Con la llegada de la Semana Santa, los chiringuitos situados en la playa de Castelldefels se han puesto en marcha para iniciar la temporada. Los establecimientos están ultimando detalles técnicos, revisando los servicios e incorporando nuevas medidas medioambientales con el objetivo de ofrecer una experiencia más confortable, sostenible y atractiva para los visitantes.
Oferta musical mensual con límites estrictos
Esta temporada, cada chiringuito podrá organizar un máximo de un evento musical mensual. Según las normas establecidas, estas actuaciones deberán finalizar antes de las 21 horas y cumplir restricciones acústicas rigurosas: no podrán superar los 91 decibelios, mientras que la música habitual debe estar limitada a un máximo de 75 decibelios.
Además, no está permitido programar conciertos simultáneos en dos chiringuitos contiguos, y cada actuación no podrá exceder las dos horas. Los responsables de los locales dispondrán de limitadores acústicos calibrados y certificados, y deberán acompañar cada solicitud de actuación con un estudio detallado sobre el impacto sonoro.
Marcos Soler, concejal de Playas, ha afirmado que "en esta nueva licitación hemos querido que todos los chiringuitos puedan tener música en directo, que puedan hacer actuaciones". También ha remarcado que "todos los chiringuitos lo podrán hacer, una vez al mes, siempre en horario de tarde y con un nivel de decibelios que no puedan molestar y adecuados a lo que marca la ley.
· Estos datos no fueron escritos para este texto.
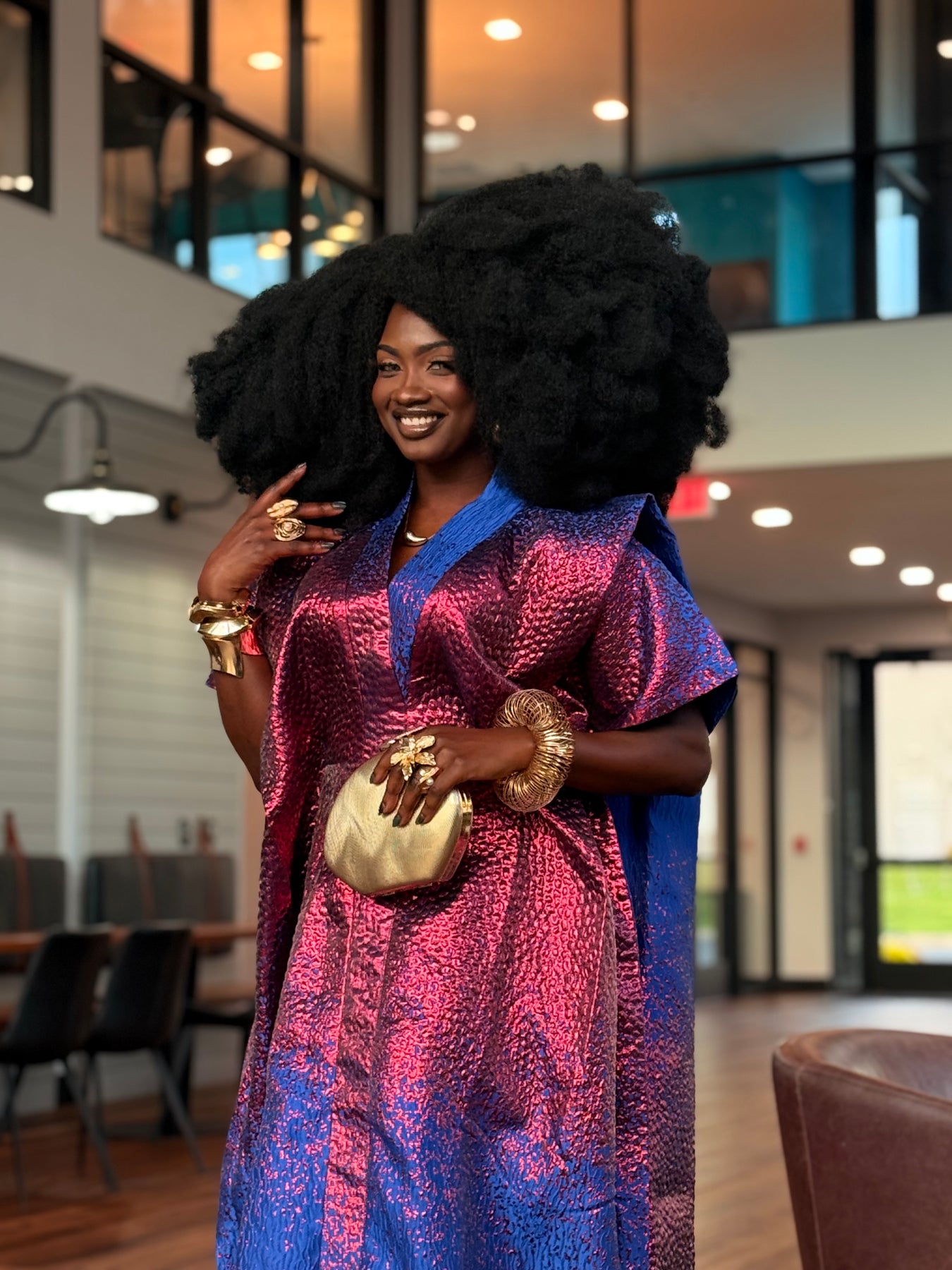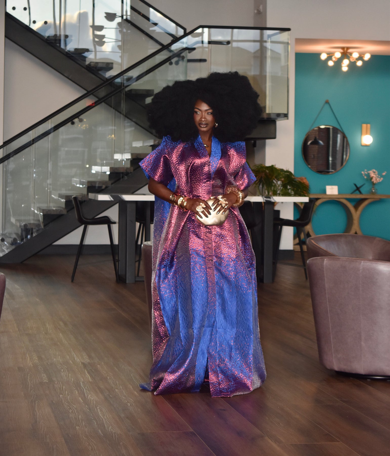 Step into bold African elegance with this stunning Pink & Royal Blue Brocade Bubu. Crafted from rich, high-quality brocade, the fabric features a textured shimmer that shifts beautifully between deep pink and royal blue as you move.
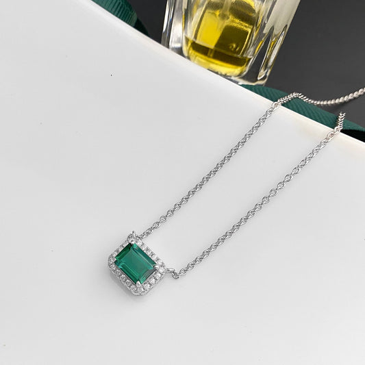 1 Carat Mini Green Lab-Created Emerald Halo Pendant | Minimalism Style May Birthstone Gift For Her
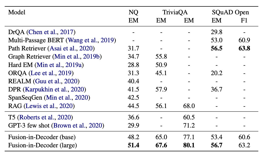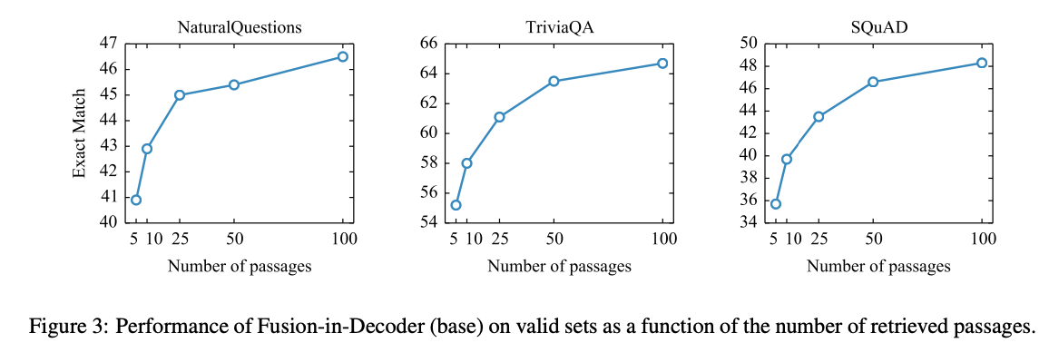 NQ와 TriviaQA benchmark datasets 에서 SoTA를 달성했으며, 흥미롭게도 검색된 구절의 수를 증가시킬 때, 이 방법의 성능이 크게 향상된다는 것을 관찰했다. 이 점은 S2S 모델이 여러 구절에서 증거를 효율적으로 집계하고 결합할 수 있는 유연한 framework를 제공한다는 증거이다.

La idea es que cada propietario pueda dinamizar su chiringuito, pero respetando la convivencia y sin molestar a los vecinos".
Listado oficial de chiringuitos para el periodo 2026-2029
La playa contará este año con un total de 12 chiringuitos, fruto del proceso público de adjudicación para cuatro años (2026–2029). Estas son:
- Playa de la Pineda: Mona Roja, Chalito, Playeros, Ananda
- Playa de Lluminetes: Santa Garota, Bolero Beach
- Playa del Baixador: Tibu-ron, Dolce Vita, Ancla, Cocody, Iguana y Onador
Licitación exigente para garantizar sostenibilidad y calidad
El Ayuntamiento ha concedido las licencias después de un proceso selectivo muy riguroso orientado a asegurar una gestión sostenible del litoral. En total se presentaron 28 propuestas para cubrir las 12 ubicaciones disponibles.
Este proceso ha contado con el apoyo técnico de expertos procedentes de la Universidad de Girona, quienes han asesorado sobre criterios ambientales, sociales y culturales para garantizar coherencia con los objetivos municipales en materia de desarrollo sostenible.
Se han valorado aspectos como la capacidad de los proyectos para integrarse armónicamente en su entorno o el cumplimiento estricto de los requisitos medioambientales y sociales. El objetivo es potenciar una oferta innovadora orientada a mejorar continuamente tanto el servicio como el respeto por el medio ambiente.
Nuevas medidas medioambientales aplicadas a los chiringuitos
Dentro de los criterios incorporados destacan el incremento en colaboraciones entre chiringuitos y entidades ambientales locales —con actividades educativas o acciones divulgativas— así como una limpieza más frecuente de los lavabos para mantener un espacio saludable para los usuarios.
También se ha implantado el uso obligatorio de espumadores de aceites industriales o alimentarios con el fin de impedir vertidos tóxicos a la red pública —una acción clave para minimizar el impacto ecológico durante toda la temporada.